Upholding Haitian Dignity: On Briefly Contextualizing The Ongoing Crisis in Haiti, Part One
Introduction
During the wee hours of June 7, 2021, Haiti’s 58th president, Jovenel Moïse, a 53-year-old father of three, two sons and a daughter, suffered a painful death. And Moïse’s killing transpired as his wife of 25 years, Martine, clung to life, gravely-injured, some distance away.
Per the details reported, and validated, by Le Nouvelliste, a French-language newspaper located in Haiti, Moïse sustained a multiplicity of injuries. The newspaper’s anatomical summary of the late President’s remains enumerates a broken femur and fractured skull. It also details a gouged left eye and thoracic gunshot wounds, with possible stippling, searing, or muzzle stamping, among other signs of trauma.
Though Haitian authorities are still determining Moïse’s manner of death, and how he came to sustain the above injuries, news networks and law enforcement authorities, in Haiti and beyond, have reported that a hit squad, composed of highly-armed, and partly U.S.-trained, Colombian nationals had descended upon the Moïse residence, moments before the death of the Haitian head of state.

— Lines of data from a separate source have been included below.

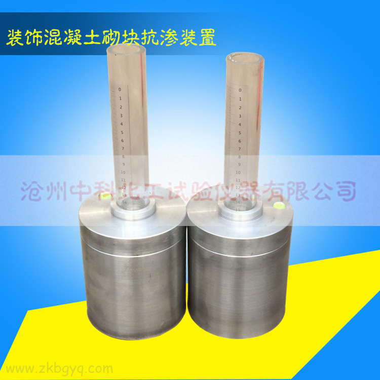 裝飾混凝土砌塊抗?jié)B試驗裝置是依據(jù)《JCT 641-2008 裝飾混凝土砌塊》國家建材行業(yè)標準生產(chǎn),適用于裝飾混凝土砌塊做抗?jié)B性能試驗,試件直徑為100mm園柱體。試驗裝置測量精度高,設(shè)計精巧耐用,該方法操作簡單,勞動強度小,能直接表述試件的抗?jié)B性能。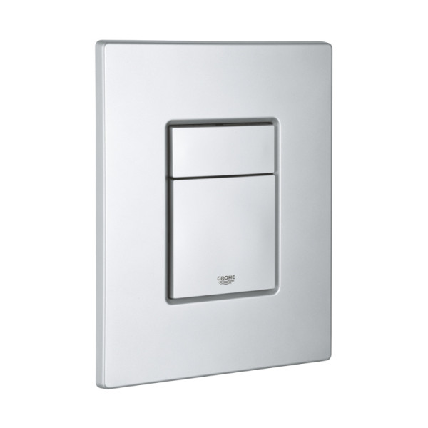 Змивна панель виготовлена з високоякісного ABS-пластику з титановим покриттям GROHE Long-Life Shine, яке забезпечує довготривалу надійність, захист від подряпин і легкість очищення. Унікальною особливістю титанової поверхні є спеціальний захист від відбитків пальців, який зберігає панель чистою та охайною навіть при інтенсивному використанні. Це означає, що сліди від доторків практично не помітні на поверхні, що робить панель ідеальною для громадських приміщень та сімейних ванних кімнат. Квадратна форма панелі надає їй елегантного та сучасного вигляду, який гармонійно вписується в різні інтер'єрні стилі. Титановий колір створює благородний відтінок, який прекрасно поєднується як з теплими, так і з холодними кольорами в інтер'єрі. Пневматична система управління складається з двох кнопок для активації різних режимів змиву. Велика кнопка забезпечує повний об'єм змиву, мала — зменшений об'єм для економії води. Функція старт/стоп дозволяє зупинити змив у будь-який момент, просто натиснувши кнопку повторно. Конструкція панелі передбачає простий монтаж на стандартні інсталяційні системи GROHE як у вертикальному, так і в горизонтальному положенні. Технологія GROHE WaterSaving інтегрована в конструкцію для забезпечення неперевершеного потоку при економному використанні води.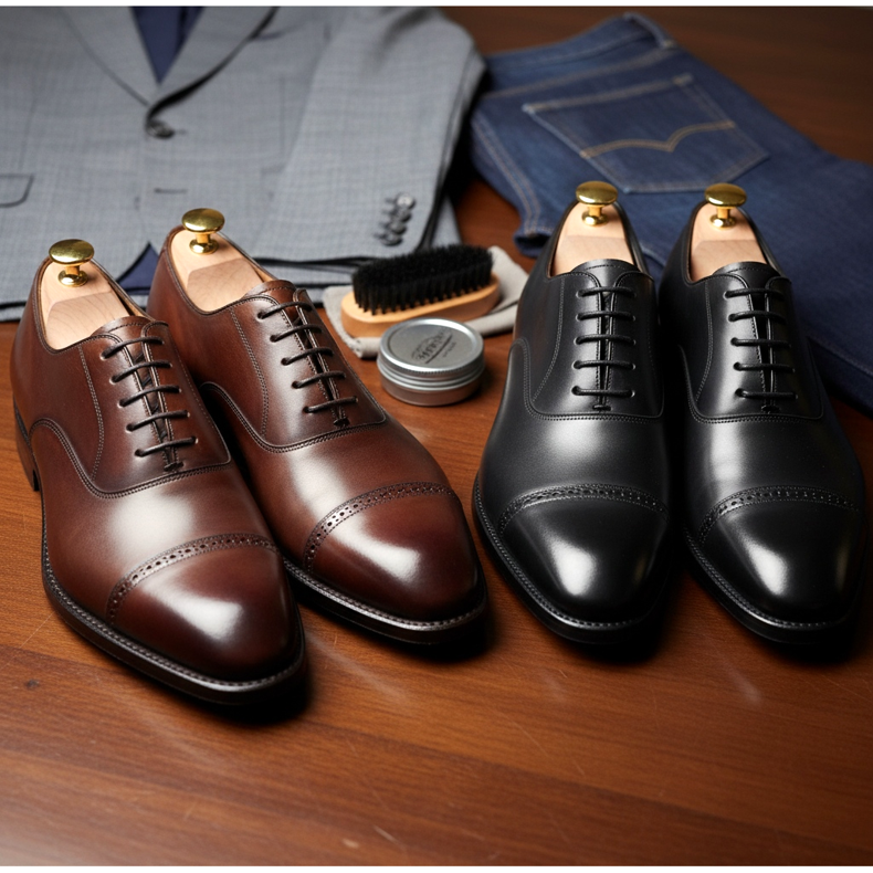 Os Oxfords, com seu característico laço fechado, são um pouco mais formais e combinam perfeitamente com um terno. Os sapatos Derby, com cadarço aberto, são mais versáteis e podem ser usados tanto com terno quanto com jeans escuro e camisa.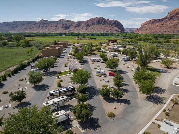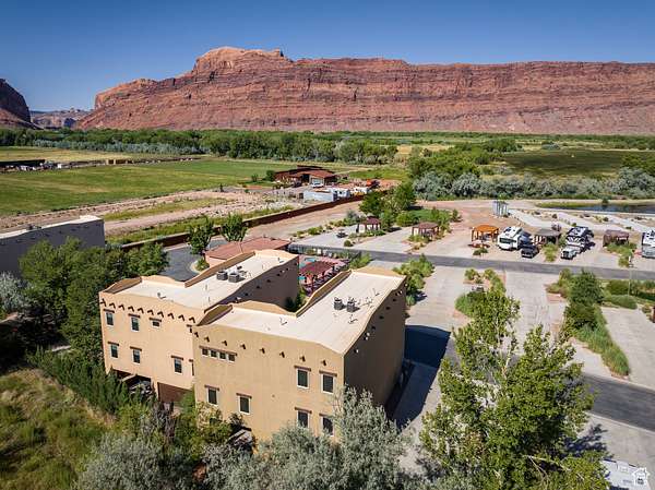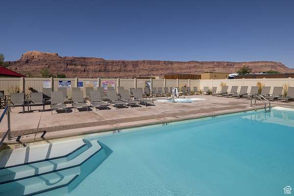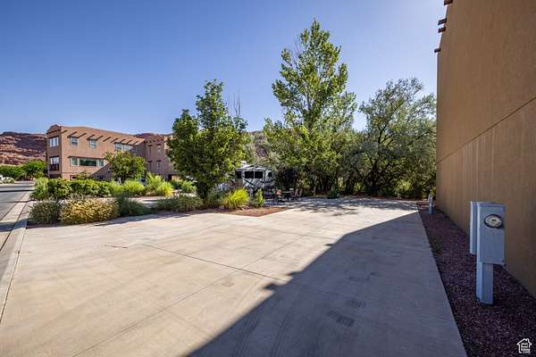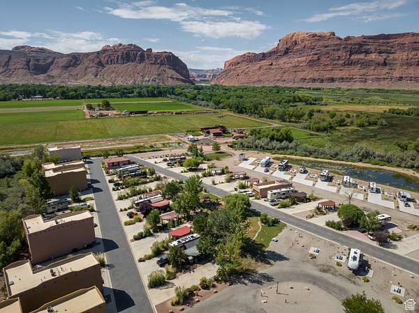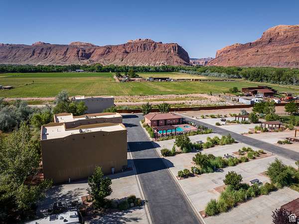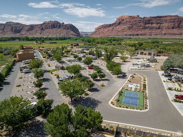 BUILDABLE LOT IN VILLAGE CAMP RESORT - Discover an incredible opportunity to secure a poolside haven for your motorcoach in a stunning resort setting! This RV pad not only has delightful landscaping and comprehensive hookups but also parking for your "toad" vehicle. The resort offers exceptional amenities designed for your enjoyment and relaxation: Dive into one of the beautiful pools for a leisurely swim or lounge poolside under the sun; Enjoy a friendly match or practice your serve at the Pickleball Court; Stay active with state-of-the-art exercise equipment at the Fitness Center; Entertain younger guests at the playground. When you're not basking in the beauty of your Moab getaway, this parcel can be an investment to you as a nightly rental through Village Camp Resort Management. Additionally, the lot is buildable, providing you with the option to construct your own Casita, adding a personal touch to your vacation retreat. Embrace this unique chance to own a piece of paradise in a premier, picturesque location!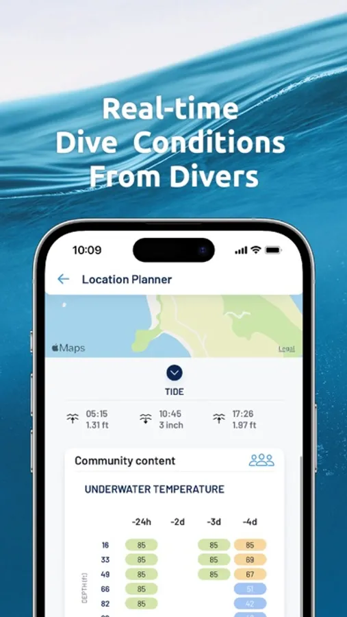 • Pre-Dive Location Planner with Surface & Water Conditions, including detailed water temperatures at various depths and community-sourced visibility and currents.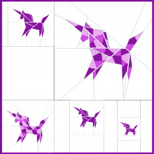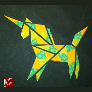 El patró de l’Unicorn és el setè patró Foundation Paper Piecing de la Col·lecció completa d’Animals Origami i la seva dificultat ja és una mica més elevada que els patrons que integren la Sèrie Marina. Aquest patró conté moltes unitats, algunes d’elles molt petites, i moltes seccions, però això no us ha d’espantar. Jo crec que amb aquesta tècnica, el Foundation Paper Piecing, una vegada li has agafat pràctica, no hi ha patrons més difícils que altres, sinó que són patrons més laboriosos, que requereixen un grau d’atenció més elevat quan es munten però que es poden fer perfectament. Que no us espanti que digui que és “Avançat“!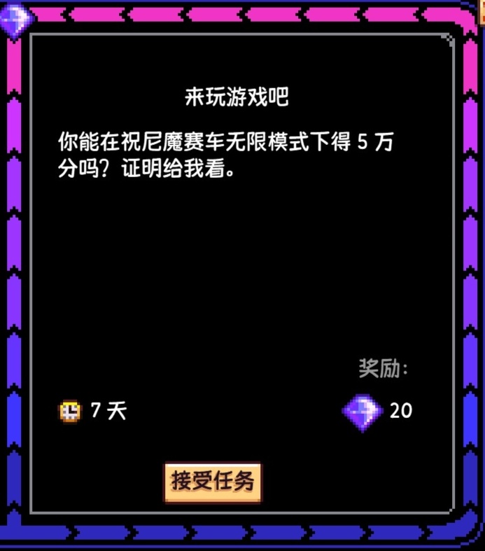 這個任務我不推薦去接,因爲祝尼魔賽車這個遊戲很難玩,5萬分的要求也高,而且獎勵還只有20齊鑽(所有特殊任務裏最低的獎勵),總之這個特殊任務在我心目中是最難完成的,獎勵和難度根本不成正比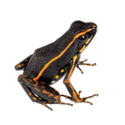Ameerega trivittata Orange are found in Suriname. These frogs are very beautiful and have reddish orange, granulated skin across a black background. These frogs are moderately shy to bold depending on age, and can do moderately well in groups, provided that the enclosure is large enough. It is recommended that no more than 2 go into a 10 gallon tank, 3 in a 20 gallon tank, and 4-5 in a 40 gallon tank. There can be some aggression and wrestling, but it is usually minor. Females will generally lay 10 to 20 eggs under leaf litter, on foliage, or under a coconut hut with flat leaves or a petri dish underneath. The frogs will transport tadpoles if left alone. Additional information can be found, of course, through our complimentary Encyclopedia Database: DendroKnow Project.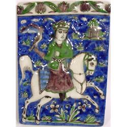 GOOD PERSIAN QUAJAR PERIOD HAND-PAINTED AND GLAZED PORCELAIN TILE DEPICTING A YOUNG PRINCE ON HIS HORSE WITH HIS PET FALCON, 19th century; 8-1/2 inch height; 6 inch width

Below, and beyond, through a three-part history, this piece will, at first, highlight the effects of foreign intervention on Haitian history. Thereafter, it will pinpoint the compounded obstacles that Haitian leadership must surmount in placing Haiti on a path toward prosperity.
Before tackling the influence of foreign powers, some additional facts, and an admission, are worth raising.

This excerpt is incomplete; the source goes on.